Blaze o' Glory is a 1929 American musical war film directed by George Crone and Renaud Hoffman. It stars Eddie Dowling and Betty Compson.

The soundtrack survives.

== Plot ==
At the stand of his murder trial, defendant Eddie Williams recounts his experiences. In 1917, he had a successful Broadway stage career and marriage to Helen Williams. However, with the American entry into World War I he was sent to the Western Front and debilitated by poison gas when saving an Imperial German Army soldier. After returning home Eddie becomes unemployed, while to his chagrin Helen is able to hold a job. After finding Helen in an affair with her employer Carl Hummel, he shoots Hummel in a fit of rage. The District Attorney reveals that Helen only entered the relationship to gain the job to support Eddie, and they reconcile.
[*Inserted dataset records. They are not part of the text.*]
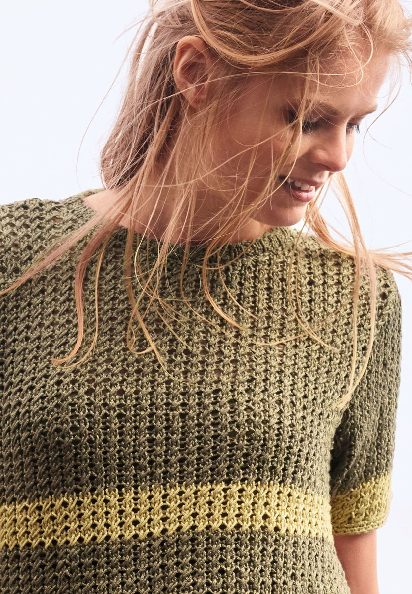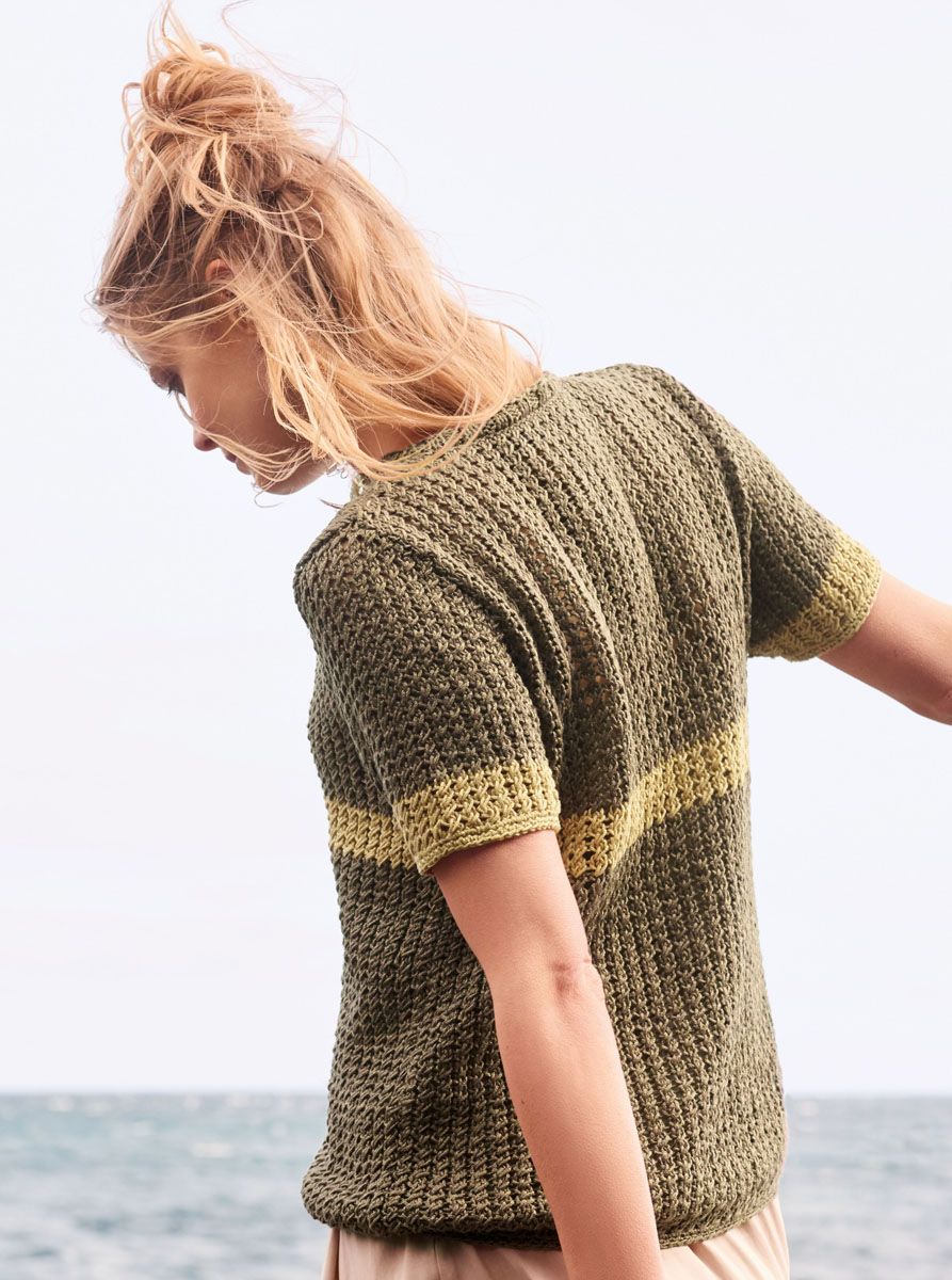 Lana Grossa Linarte (40% Viskose, 30% Baumwolle, 20% Leinen, 10% Polyamid, Lauflänge 125 m/50 g), 300 (350 – 400) g Taupe (Fb 4) und 50 g Sandgelb (Fb 82); Stricknadeln Nr. 4,5, 1 Rundstricknadel Nr. 4,5, 40 cm lang, 1 Häkelnadel Nr. 4.
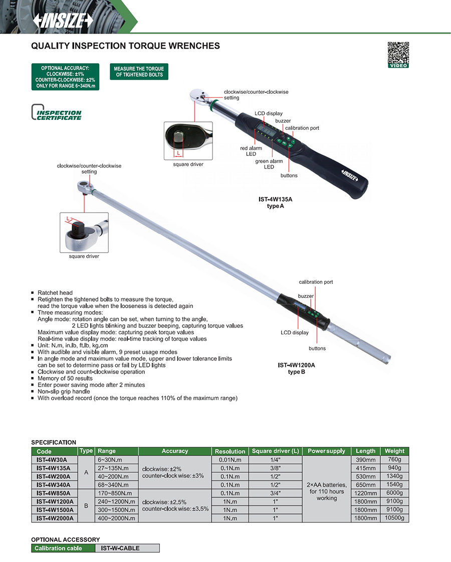 IST-4W200A digital 40~200N.m with memory storage digital display fixed ratchet head
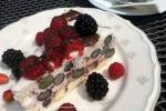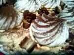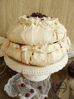 Beza straciatella z wiśniami 262Beza, krucha z zewnątrz, piankowa w środku i bita śmietana połączona z czekoladą karmelową i gorzką, całość zwieńczona konfiturą z wiśniami…bomba kaloryczna to fakt, prawdziwa
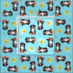 It’s a dog’s life! Be cool and celebrate the dog days of summer with this pattern of cute Bernese Mountain Dogs wearing sunglasses and relaxing with drinks among suns and more drinks.

Although Eddie confessed to the murder, the jury acquits him.

==Cast==
- Eddie Dowling as Eddie Williams
- Betty Compson as Helen Williams
- Frankie Darro as Jean Williams
- Henry B. Walthall as Burke
- William B. Davidson as District Attorney (credited as William Davidson)
- Ferdinand Schumann-Heink as Carl Hummel
- Eddie Conrad as Abie
- Frank Sabini as Tony
- Broderick O'Farrell

==See also==
- List of early sound feature films (1926–1929)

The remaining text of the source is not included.